LL: “Oh. Okay. I want to be a garbage man!”
T: “A… garbage man?”
LL: “Yup. When I grow up, I’m going to be a garbage man.”
For months after that conversation, I would to rush to the front of my house in the morning when I heard the garbage truck coming down the street. The kids at the bus stop teased me about my lofty career aspirations (they also made fun of my pink toque with the pom-pom on top) but I didn’t care – I was going to be the best dang Garbage man my hometown had ever seen.
When I finally realized that garbage-mannery involves more than riding on the back of a truck wearing fluorescent suspenders, I decided to pursue a career in the media just like Channel 6 Ace Reporter April O’Neil and I’ve never looked back. (Though I must admit that I would happily abandon all other career aspirations to pursue my life-long goal of becoming a fly girl on In Living Colour)
In 2010, I finished up a Master of Arts degree in Journalism and moved to Canada’s largest city where I’ve been working my tail off in the media and entertainment industries every since. In the past two years I’ve worked as reporter for the Toronto Star, a blogger for MuchMusic, an assistant news editor at Yahoo!, a community manager and video host for vitaminwater Canada, an online journalism teacher at a local college, a CosmoTV blogger girl and and even a professional TV creep for MTV.
I live to be funny and creative. I love to tell stories too – be that through writing, video, live performance, standup comedy or… ya know, making up songs in my kitchen as if real life were a Disney musical. You do it too, RIGHT? Right.
Lisa Simpson is my homegirl.
I spend more money at Starbucks than at the grocery store, more time pruning my RSS reader than cleaning my room, and ‘Bwahahaha’ is actually a part of my spoken vocabulary.
I am an Internet evangelist who has a religious-like devotion to all things digital. And also snacks. Snacks are my religion, scratch the internet.
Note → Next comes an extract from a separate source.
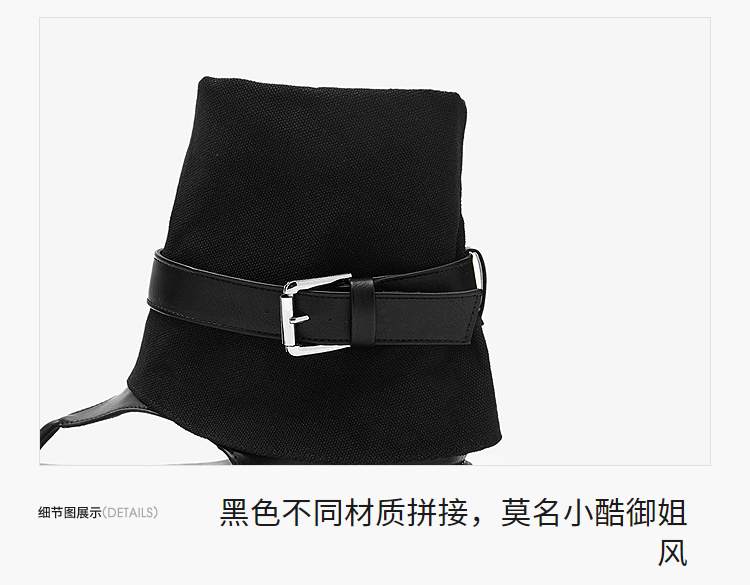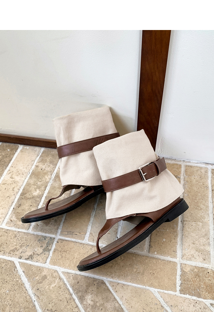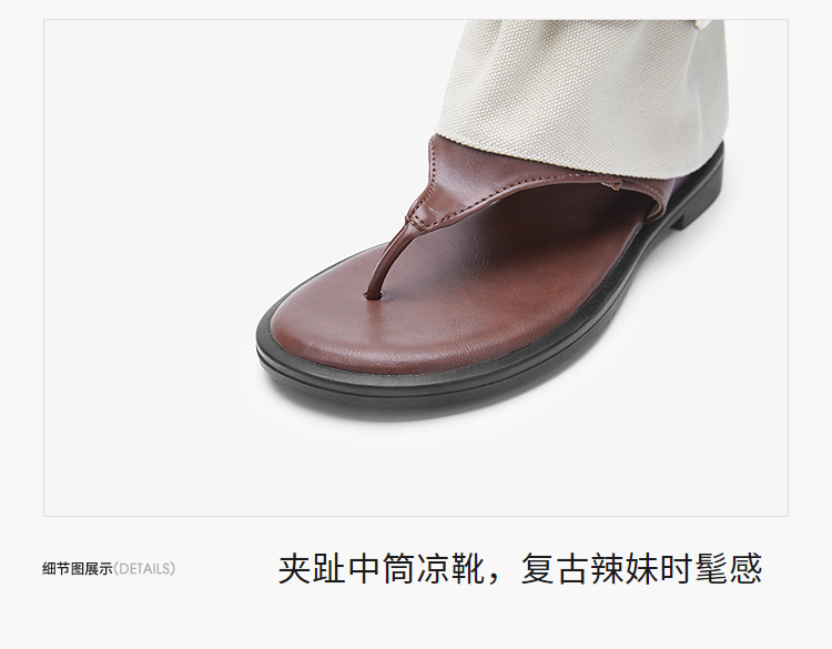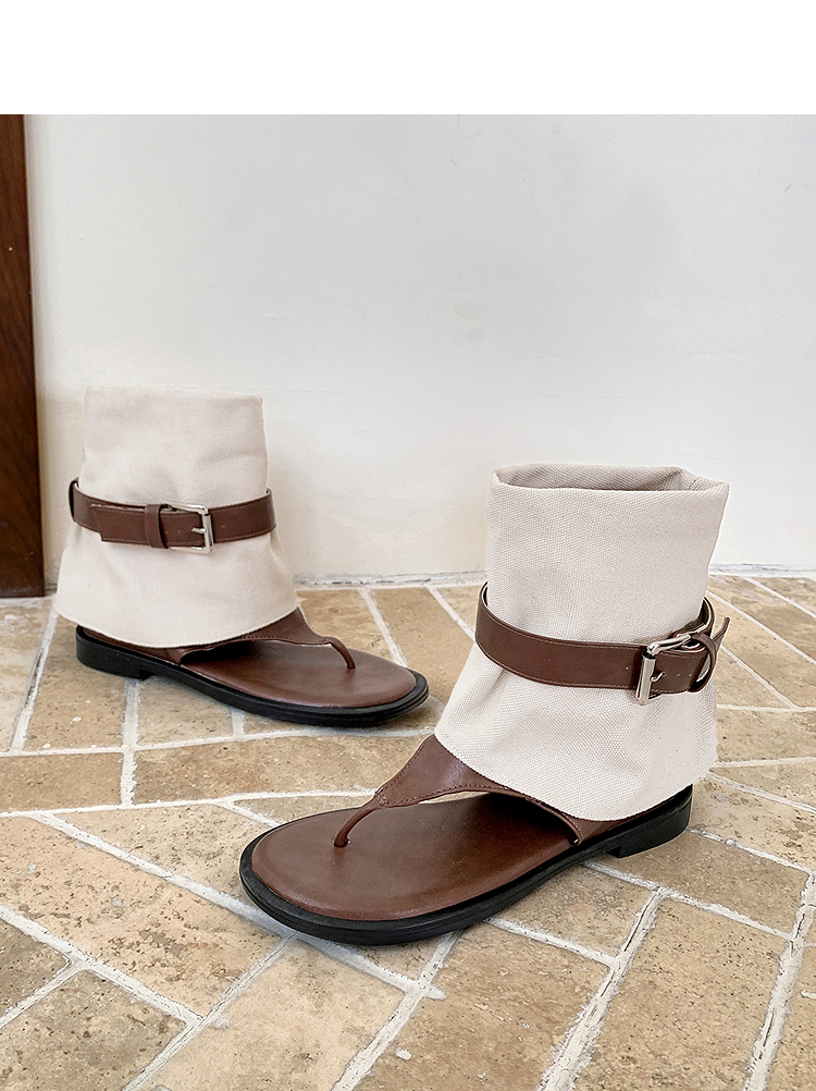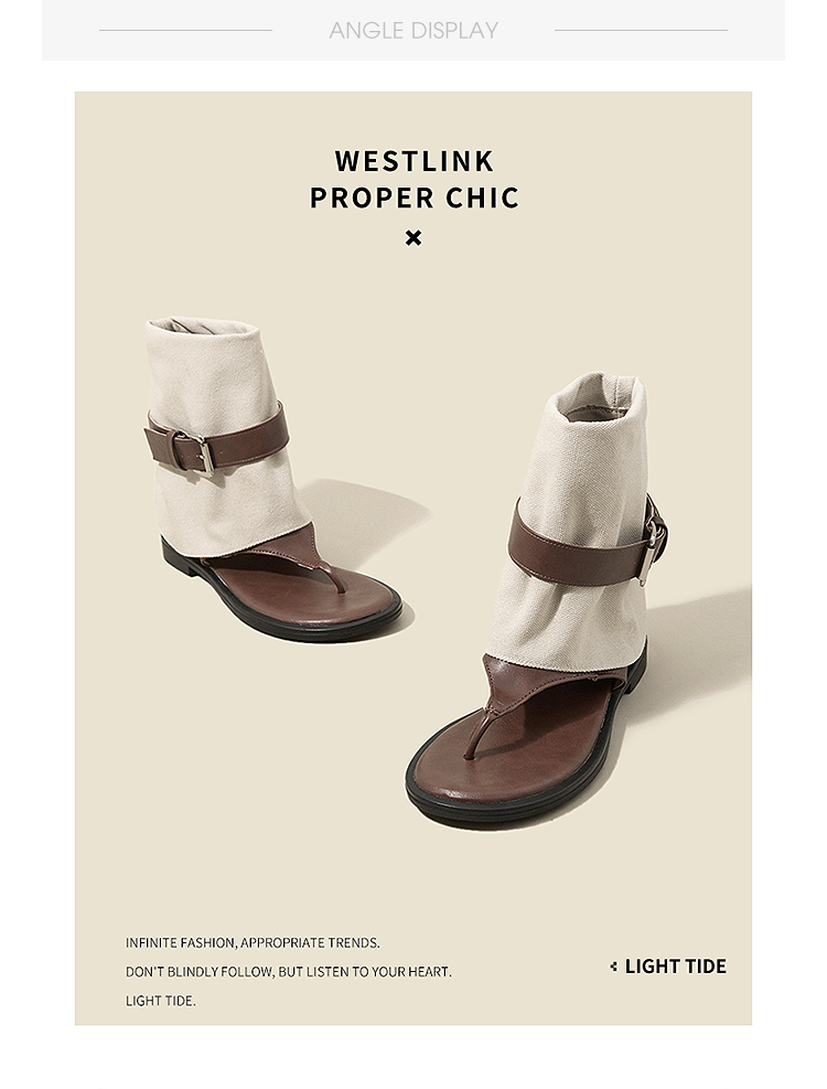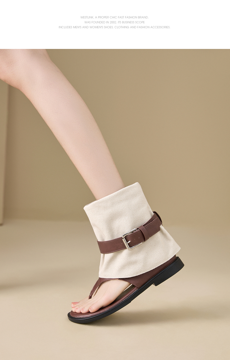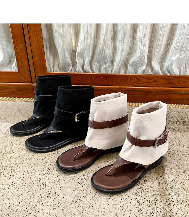 西遇平底凉靴女新款夏季复古辣妹皮带扣黑色中筒靴子夹趾凉鞋V0056890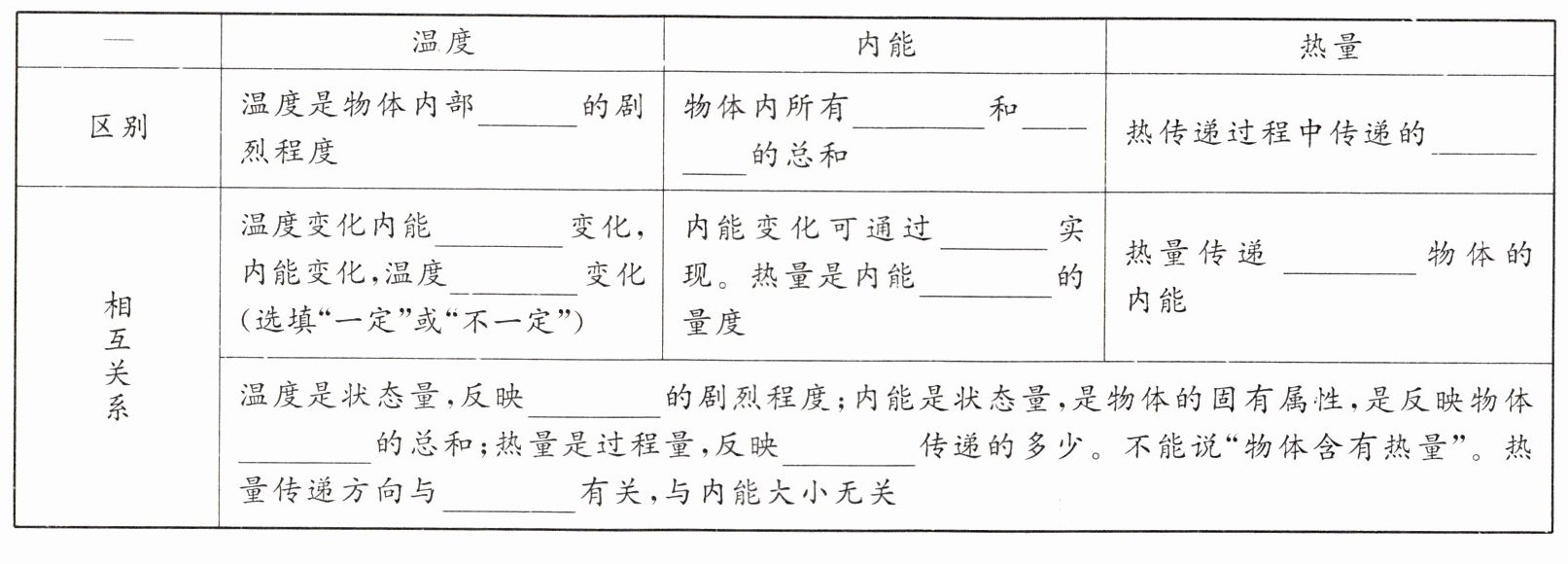 温度、内能和热量的区别和联系

I like snacks.
I’m also into health & fitness, hanging out in coffee shops, lusting over beautiful clothes I can’t afford, acting & dancing, reading fashion magazines, reading really good books, comedic television programs, collecting hair products that I don’t need, eating cute vegetables and breakfast cereals designed for children bright colours, etymology, yoga, rollerblading, travel, cartoons, snowboarding, kittehs (especially my mom and dad’s kittehs Tickory and Steve French), drawing, taking pictures of myself with my iPhone and making fun of peoples’ moms.
In a nutshell, I’m simply another chronically multitasking, irony-loving, conspicuously consuming, attention seeking millennial robo-kid.
If you’re really dying to know something specific, you can always email me and if your query is not creepy (ie; ‘mMmm,,,Iz UR P**zSIe WeT GuRrrrrL?’) or stupid (ie;’what’s your credit card number hun?! LOL! Just curious!’) I’ll be happy to reply!
Formspring is aight too.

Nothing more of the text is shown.